ことでん瓦町駅から200メートル先にある踏み切りの警笛が鳴っていた。

遮断器《バー》が降りている踏み切りに琴平方面から来たボギー電車がゆっくりと通過した。

…………………………

またところ変わって、ことでん瓦町駅の裏手・塩上町《しおがみまち》の通りにて…

ほたるさんとショルダーバックを持っている私は、ゆっくりと歩きながら話をしていた。

「ほたるさん。」
「なあに?」
「この通りは、旅館だけが立ち並んでいるよね。」
「そうよ。」
「ほたるさんが言うたある場所はどこにあるの?」
「この先にあるわよ。」

ほたるさんは、私に対して『あれよ。』と言うた。

ほたるさんが言うた『あれ』とは、空き家になっている旅館であった。

私は、ほたるさんに対して声をかけた。

「この旅館は…空き家になってますよ。」
「空き家になっている建物は、かつてうちが経営していた旅館よ…入りましょう。
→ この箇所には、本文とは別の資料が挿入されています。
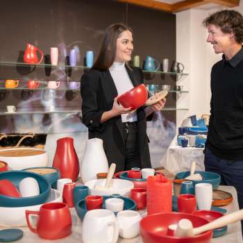 While you enjoy the finest coffee roasted in Liechtenstein and other regional drinks and products, you can look through the windows into the production facilities and watch, for example, how the cup from which you drink the mineral water is made or how the ceramic painters "wield their brushes".
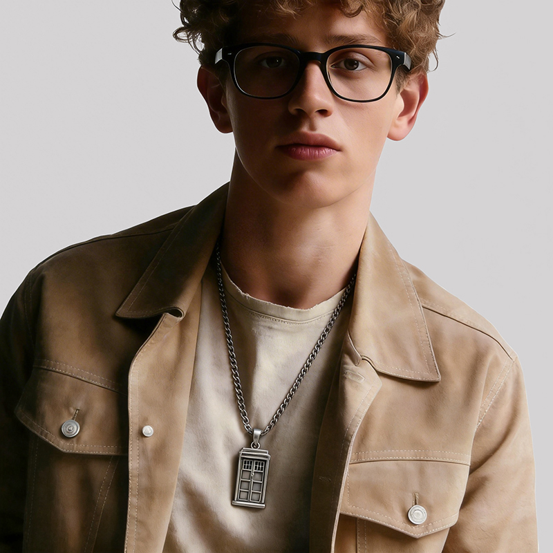 Our Geek Sculptural Necklace features a striking silver pendant with intricate designs, paired with a durable titanium steel figaro chain. Perfect for adding a unique, geek-inspired touch to any outfit.
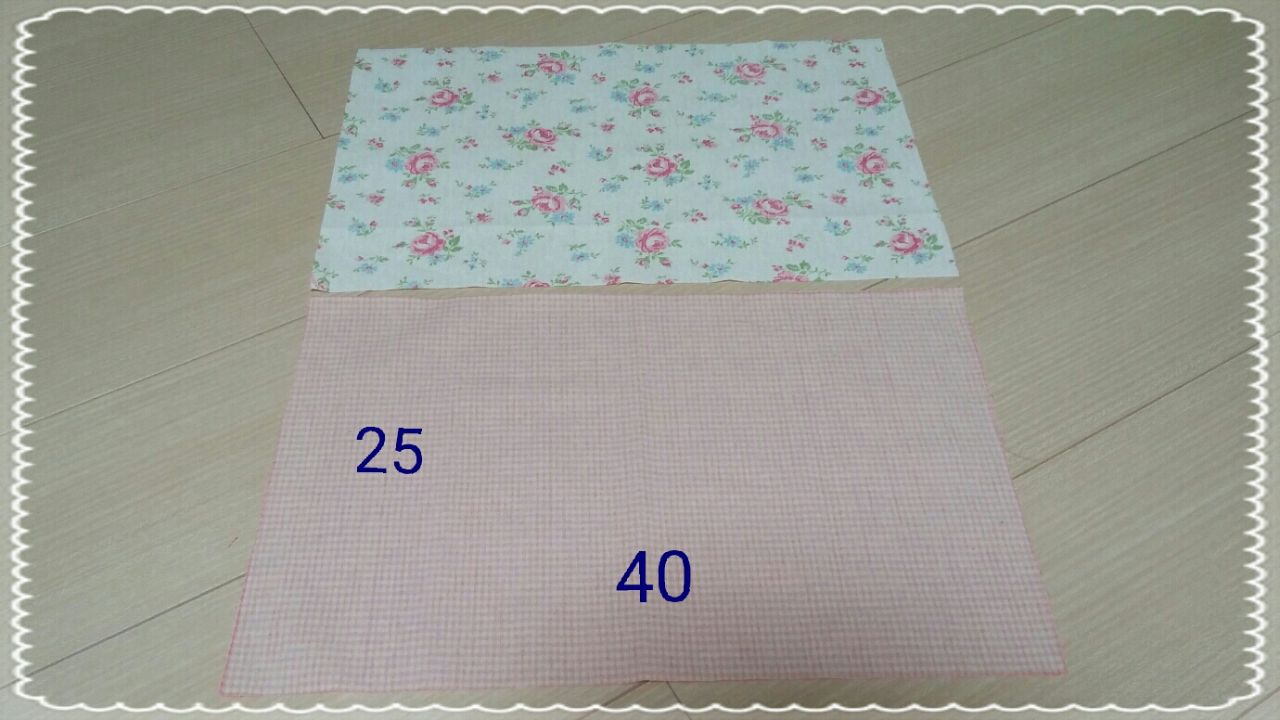 まず2種類の生地を25×40㎝(縫い代2㎝込み)
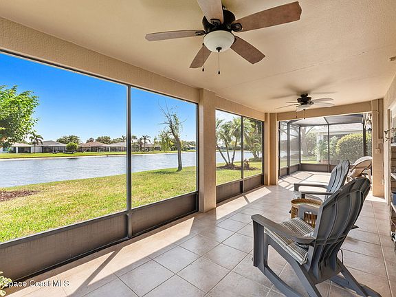 Tucked on a quiet lakefront lot in Auburn Lakes, this 3-bedroom, 2-bath concrete block home offers the kind of easy, open living that feels just right. With a thoughtful split floor plan, a screened rear porch, and serene water views, it has everything you're looking for. A 2019 roof, 2018 HVAC, and full storm shutter coverage add peace of mind, while the neutral interior, complete with tile and carpet flooring, offers a move-in-ready canvas. The open layout with higher ceilings flows from the living area to the kitchen, beaming with natural light. Just minutes from Viera East Golf Club, with reduced membership rates for Auburn Lakes residents, and steps from the community pool and clubhouse, this is a rare find in a well-kept, convenient Rockledge location. The home's exterior was painted in 2020, and a security system is already in place. Furniture is negotiable for those seeking a move-in-ready or second-home solution. Wake up to soft light on the lake, sip coffee from the screened porch, or take advantage of the nearby golf course, trails, and local dining. The HOA includes common area maintenance, clubhouse access, and neighborhood amenities, such as tennis courts, pickleball courts, beach volleyball, and basketball. With easy access to I-95, top schools, and Viera's town center, 1223 Brumpton Place offers relaxed Florida living in a setting that just feels good.
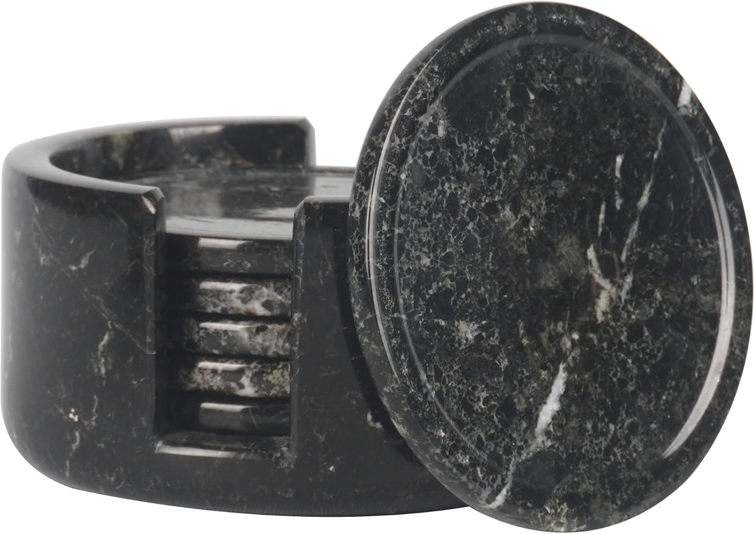 Marble Coasters Set of 6 Black 3.5 Inch Round Coaster for Drinks with Holder, Drink Coaster for Tabletop & Coffee Table Decor, Ideal Home Decor House Warming Gifts

」

このあと、ほたるさんとショルダーバックを持っている私は建物の中に入った。

…………………………

ところ変わって、建物の中にて…

ほたるさんと私は、パイプベッドが置かれている和室にやって来た。

部屋を見た私は、おどろいた声で言うた。

「和室にパイプベッド…この部屋は、なんですか?」

ほたるさんは、私に対してこう説明した。

「ここは、うちが経営していたちょいの間旅館よ。」
「ちょいの間旅館?」
「うん。」
「ここ…ほたるさんが経営していた店でしたね。」
「そうよ…うちがここでちょいの間旅館を経営していたのは昭和40年代から50年頃までよ。」
「昭和40年代から50年頃まで…か。」

…………………………………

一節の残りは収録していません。